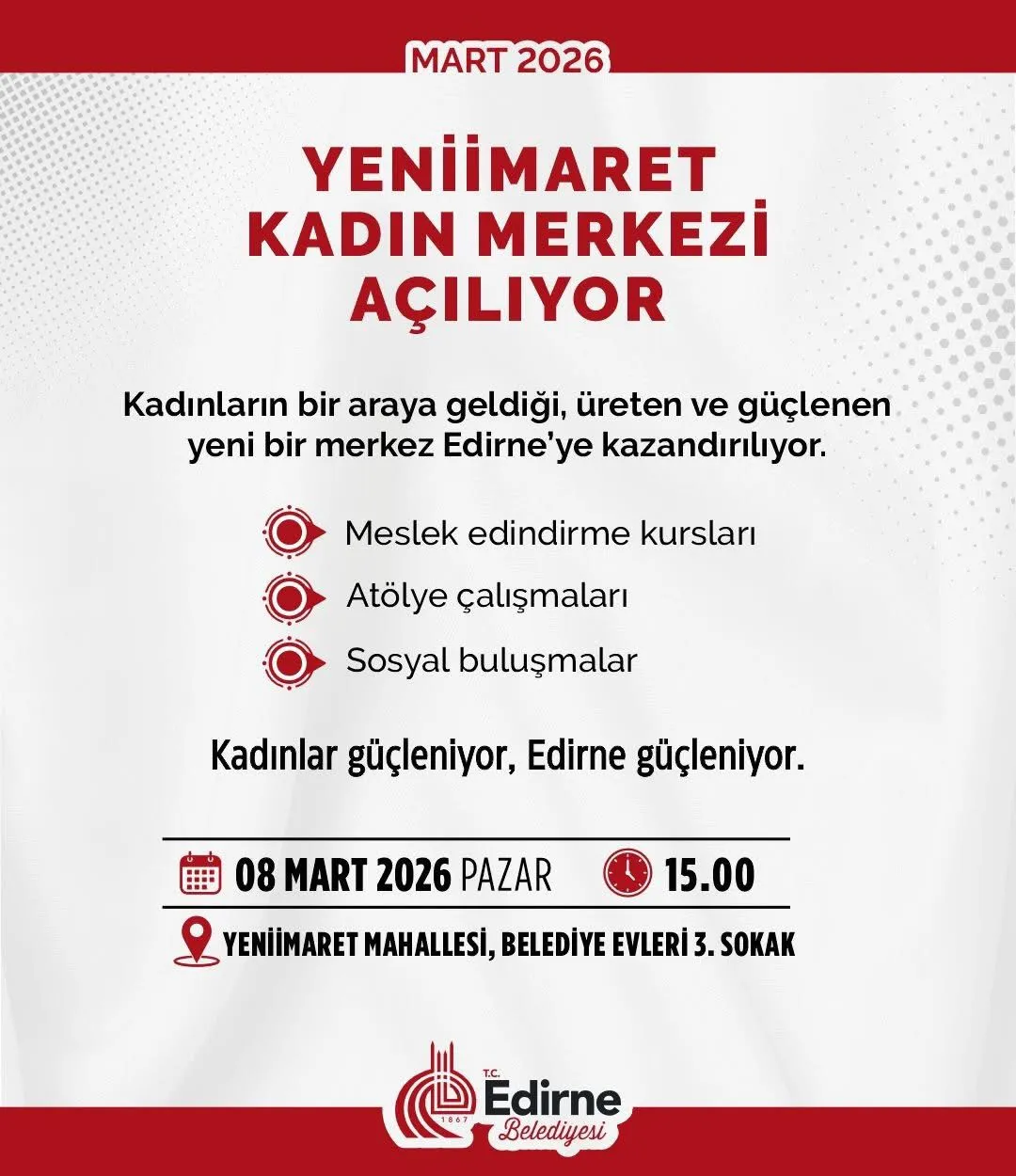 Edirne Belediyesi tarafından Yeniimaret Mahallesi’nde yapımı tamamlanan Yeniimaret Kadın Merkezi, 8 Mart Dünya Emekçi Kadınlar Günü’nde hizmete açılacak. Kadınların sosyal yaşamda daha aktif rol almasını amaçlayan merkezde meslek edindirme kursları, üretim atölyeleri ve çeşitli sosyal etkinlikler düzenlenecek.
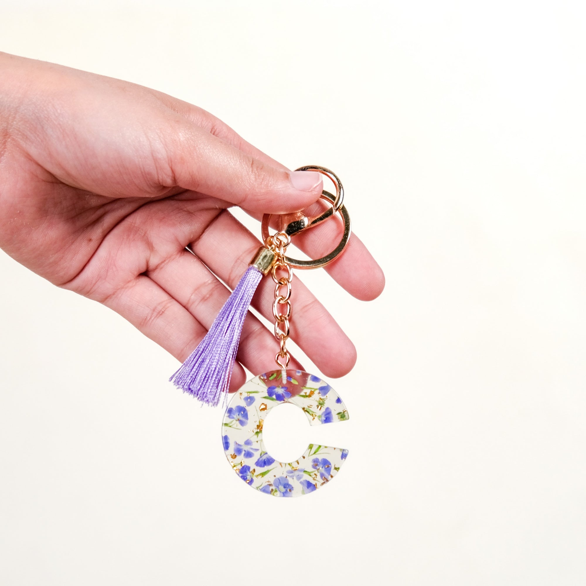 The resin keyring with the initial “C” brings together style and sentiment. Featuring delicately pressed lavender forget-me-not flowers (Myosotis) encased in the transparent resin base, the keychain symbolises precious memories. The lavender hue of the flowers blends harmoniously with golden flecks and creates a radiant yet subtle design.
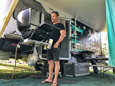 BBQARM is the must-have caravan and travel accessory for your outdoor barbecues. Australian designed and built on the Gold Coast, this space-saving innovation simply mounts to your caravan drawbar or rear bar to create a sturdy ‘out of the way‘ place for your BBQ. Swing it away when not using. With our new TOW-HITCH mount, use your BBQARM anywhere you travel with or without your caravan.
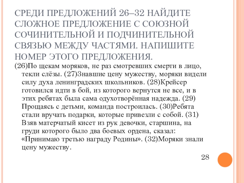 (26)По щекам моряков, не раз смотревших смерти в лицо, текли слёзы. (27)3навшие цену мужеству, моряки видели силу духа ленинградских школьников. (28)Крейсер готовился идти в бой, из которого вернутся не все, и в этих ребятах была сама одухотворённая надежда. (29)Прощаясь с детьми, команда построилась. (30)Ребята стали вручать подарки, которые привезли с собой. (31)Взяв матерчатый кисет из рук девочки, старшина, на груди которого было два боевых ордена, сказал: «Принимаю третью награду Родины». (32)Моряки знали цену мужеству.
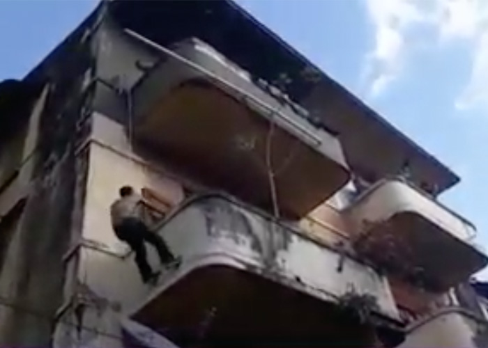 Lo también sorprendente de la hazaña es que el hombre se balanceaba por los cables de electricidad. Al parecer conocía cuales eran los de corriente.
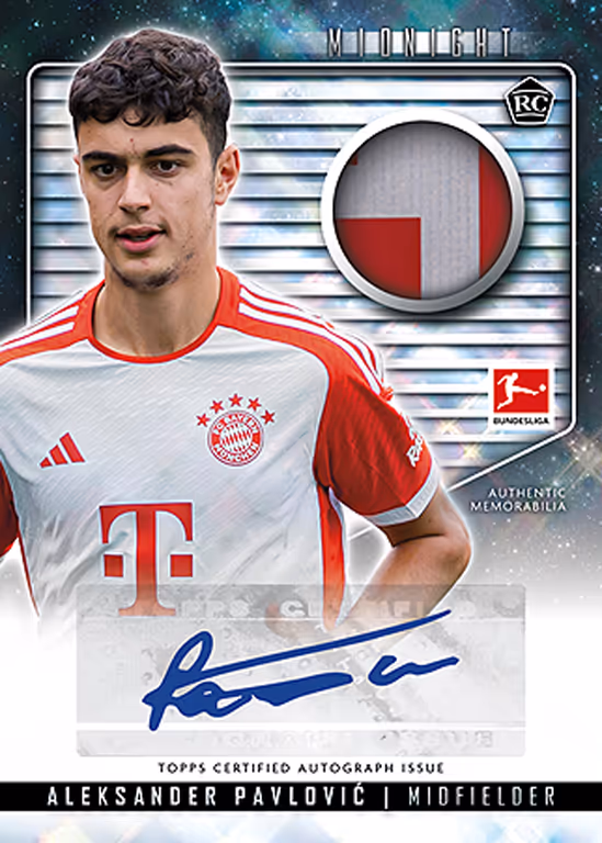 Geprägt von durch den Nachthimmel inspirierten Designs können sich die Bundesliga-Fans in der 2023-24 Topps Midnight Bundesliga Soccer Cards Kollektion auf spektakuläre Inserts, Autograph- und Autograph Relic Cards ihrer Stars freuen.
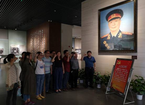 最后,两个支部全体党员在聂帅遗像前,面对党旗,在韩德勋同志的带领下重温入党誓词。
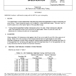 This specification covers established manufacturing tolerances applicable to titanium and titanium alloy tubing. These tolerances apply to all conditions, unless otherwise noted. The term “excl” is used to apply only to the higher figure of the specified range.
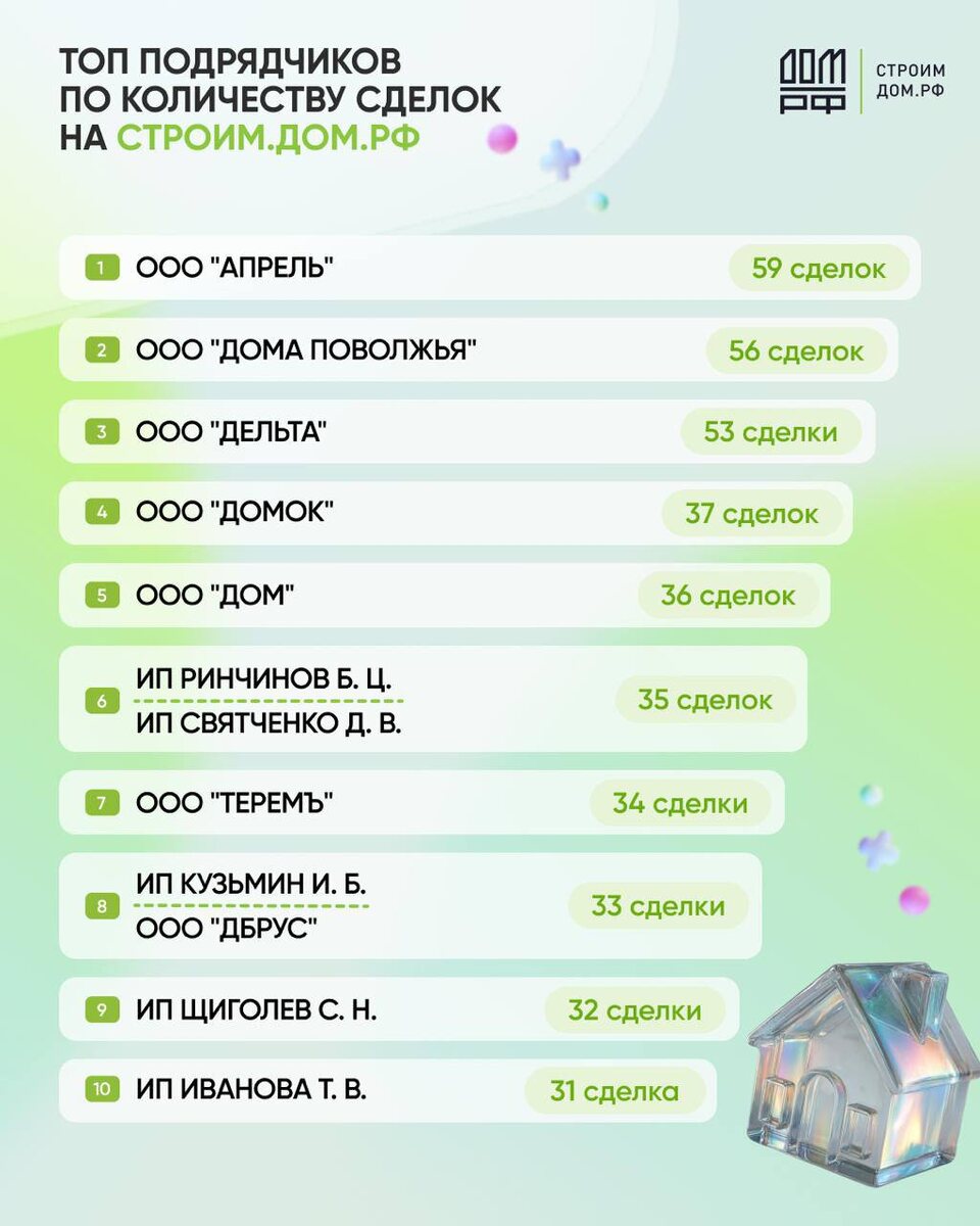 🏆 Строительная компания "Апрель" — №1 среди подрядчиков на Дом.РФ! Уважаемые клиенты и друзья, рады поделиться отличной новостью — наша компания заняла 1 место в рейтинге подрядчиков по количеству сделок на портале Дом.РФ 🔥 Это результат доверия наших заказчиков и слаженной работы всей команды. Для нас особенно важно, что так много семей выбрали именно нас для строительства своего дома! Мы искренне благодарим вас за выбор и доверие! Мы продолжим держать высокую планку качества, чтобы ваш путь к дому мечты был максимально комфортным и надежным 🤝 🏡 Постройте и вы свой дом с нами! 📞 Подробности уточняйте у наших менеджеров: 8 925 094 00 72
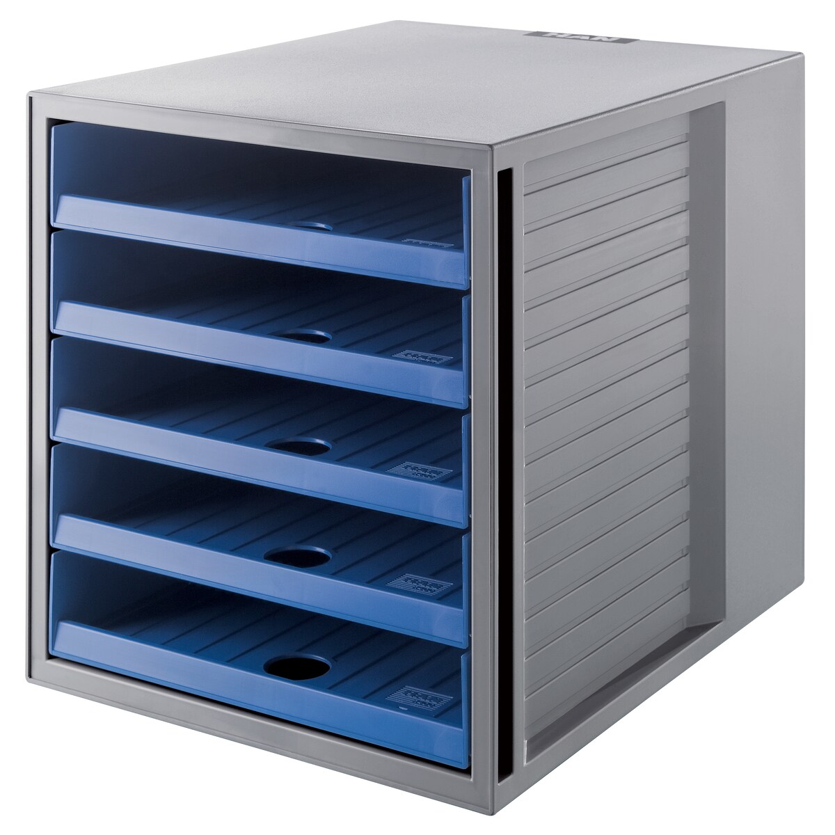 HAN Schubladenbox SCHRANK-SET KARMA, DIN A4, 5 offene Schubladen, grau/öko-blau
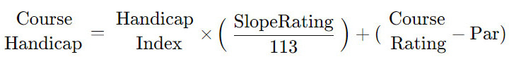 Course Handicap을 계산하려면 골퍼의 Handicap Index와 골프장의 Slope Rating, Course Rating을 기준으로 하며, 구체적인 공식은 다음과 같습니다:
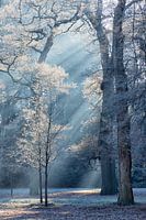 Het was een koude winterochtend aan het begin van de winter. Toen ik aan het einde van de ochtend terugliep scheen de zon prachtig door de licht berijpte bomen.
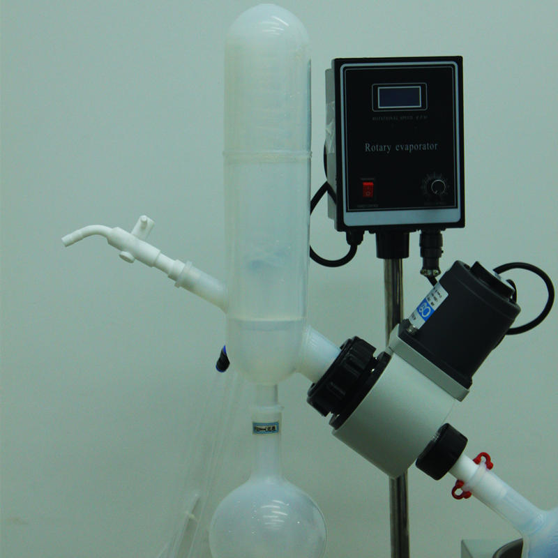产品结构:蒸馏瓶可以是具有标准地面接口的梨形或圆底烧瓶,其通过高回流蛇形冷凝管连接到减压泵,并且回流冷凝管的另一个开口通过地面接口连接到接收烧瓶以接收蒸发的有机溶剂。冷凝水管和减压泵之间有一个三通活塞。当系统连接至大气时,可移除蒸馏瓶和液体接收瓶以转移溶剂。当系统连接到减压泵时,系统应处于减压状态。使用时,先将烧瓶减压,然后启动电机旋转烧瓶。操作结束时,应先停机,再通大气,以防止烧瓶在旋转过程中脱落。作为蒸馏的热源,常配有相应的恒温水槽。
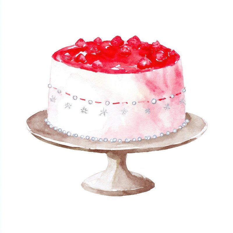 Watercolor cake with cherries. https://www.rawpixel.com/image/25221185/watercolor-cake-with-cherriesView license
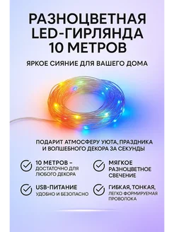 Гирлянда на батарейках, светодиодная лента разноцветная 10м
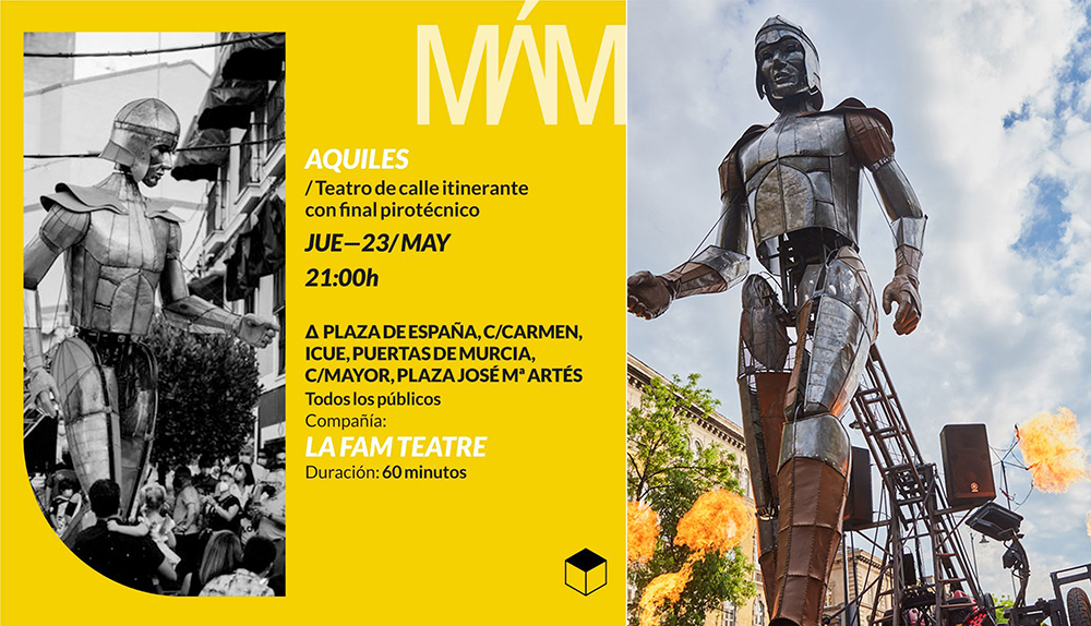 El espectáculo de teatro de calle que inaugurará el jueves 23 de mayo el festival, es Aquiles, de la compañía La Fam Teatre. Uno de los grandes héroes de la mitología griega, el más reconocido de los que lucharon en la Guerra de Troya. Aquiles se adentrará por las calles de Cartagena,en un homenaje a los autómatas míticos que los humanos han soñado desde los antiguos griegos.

◆ ◆ ◆ ◆ ◆

• [What to produce]:
Please copy the data shown above, line by line and exactly, omitting the images.

• [Result below]:
 Edirne Belediyesi tarafından Yeniimaret Mahallesi’nde yapımı tamamlanan Yeniimaret Kadın Merkezi, 8 Mart Dünya Emekçi Kadınlar Günü’nde hizmete açılacak. Kadınların sosyal yaşamda daha aktif rol almasını amaçlayan merkezde meslek edindirme kursları, üretim atölyeleri ve çeşitli sosyal etkinlikler düzenlenecek.
 The resin keyring with the initial “C” brings together style and sentiment. Featuring delicately pressed lavender forget-me-not flowers (Myosotis) encased in the transparent resin base, the keychain symbolises precious memories. The lavender hue of the flowers blends harmoniously with golden flecks and creates a radiant yet subtle design.
 BBQARM is the must-have caravan and travel accessory for your outdoor barbecues. Australian designed and built on the Gold Coast, this space-saving innovation simply mounts to your caravan drawbar or rear bar to create a sturdy ‘out of the way‘ place for your BBQ. Swing it away when not using. With our new TOW-HITCH mount, use your BBQARM anywhere you travel with or without your caravan.
 (26)По щекам моряков, не раз смотревших смерти в лицо, текли слёзы. (27)3навшие цену мужеству, моряки видели силу духа ленинградских школьников. (28)Крейсер готовился идти в бой, из которого вернутся не все, и в этих ребятах была сама одухотворённая надежда. (29)Прощаясь с детьми, команда построилась. (30)Ребята стали вручать подарки, которые привезли с собой. (31)Взяв матерчатый кисет из рук девочки, старшина, на груди которого было два боевых ордена, сказал: «Принимаю третью награду Родины». (32)Моряки знали цену мужеству.
 Lo también sorprendente de la hazaña es que el hombre se balanceaba por los cables de electricidad. Al parecer conocía cuales eran los de corriente.
 Geprägt von durch den Nachthimmel inspirierten Designs können sich die Bundesliga-Fans in der 2023-24 Topps Midnight Bundesliga Soccer Cards Kollektion auf spektakuläre Inserts, Autograph- und Autograph Relic Cards ihrer Stars freuen.
 最后,两个支部全体党员在聂帅遗像前,面对党旗,在韩德勋同志的带领下重温入党誓词。
 This specification covers established manufacturing tolerances applicable to titanium and titanium alloy tubing. These tolerances apply to all conditions, unless otherwise noted. The term “excl” is used to apply only to the higher figure of the specified range.
 🏆 Строительная компания "Апрель" — №1 среди подрядчиков на Дом.РФ! Уважаемые клиенты и друзья, рады поделиться отличной новостью — наша компания заняла 1 место в рейтинге подрядчиков по количеству сделок на портале Дом.РФ 🔥 Это результат доверия наших заказчиков и слаженной работы всей команды. Для нас особенно важно, что так много семей выбрали именно нас для строительства своего дома! Мы искренне благодарим вас за выбор и доверие! Мы продолжим держать высокую планку качества, чтобы ваш путь к дому мечты был максимально комфортным и надежным 🤝 🏡 Постройте и вы свой дом с нами! 📞 Подробности уточняйте у наших менеджеров: 8 925 094 00 72
 HAN Schubladenbox SCHRANK-SET KARMA, DIN A4, 5 offene Schubladen, grau/öko-blau
 Course Handicap을 계산하려면 골퍼의 Handicap Index와 골프장의 Slope Rating, Course Rating을 기준으로 하며, 구체적인 공식은 다음과 같습니다:
 Het was een koude winterochtend aan het begin van de winter. Toen ik aan het einde van de ochtend terugliep scheen de zon prachtig door de licht berijpte bomen.
产品结构:蒸馏瓶可以是具有标准地面接口的梨形或圆底烧瓶,其通过高回流蛇形冷凝管连接到减压泵,并且回流冷凝管的另一个开口通过地面接口连接到接收烧瓶以接收蒸发的有机溶剂。冷凝水管和减压泵之间有一个三通活塞。当系统连接至大气时,可移除蒸馏瓶和液体接收瓶以转移溶剂。当系统连接到减压泵时,系统应处于减压状态。使用时,先将烧瓶减压,然后启动电机旋转烧瓶。操作结束时,应先停机,再通大气,以防止烧瓶在旋转过程中脱落。作为蒸馏的热源,常配有相应的恒温水槽。
 Watercolor cake with cherries. https://www.rawpixel.com/image/25221185/watercolor-cake-with-cherriesView license
 Гирлянда на батарейках, светодиодная лента разноцветная 10м
 El espectáculo de teatro de calle que inaugurará el jueves 23 de mayo el festival, es Aquiles, de la compañía La Fam Teatre. Uno de los grandes héroes de la mitología griega, el más reconocido de los que lucharon en la Guerra de Troya. Aquiles se adentrará por las calles de Cartagena,en un homenaje a los autómatas míticos que los humanos han soñado desde los antiguos griegos.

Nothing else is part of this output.